Look in the data below for the line that has "Grand Deluxe Suite", then print exactly every line from there through the line that has "Batch plant area", leaving pictures out.

RECORDS FOR PROCESSING Block Start

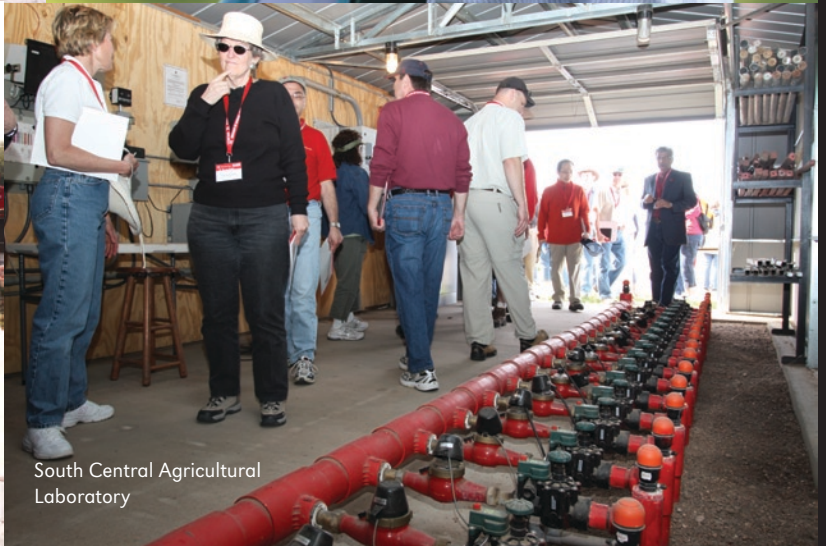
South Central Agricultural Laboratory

RECORDS FOR PROCESSING Block End
RECORDS FOR PROCESSING Block Start

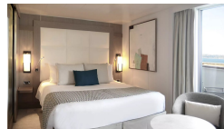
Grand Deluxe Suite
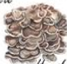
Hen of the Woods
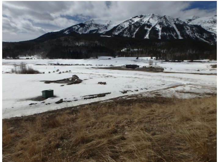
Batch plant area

RECORDS FOR PROCESSING Block End

RESPONSE TO THIS TASK:
Grand Deluxe Suite
Hen of the Woods
Batch plant area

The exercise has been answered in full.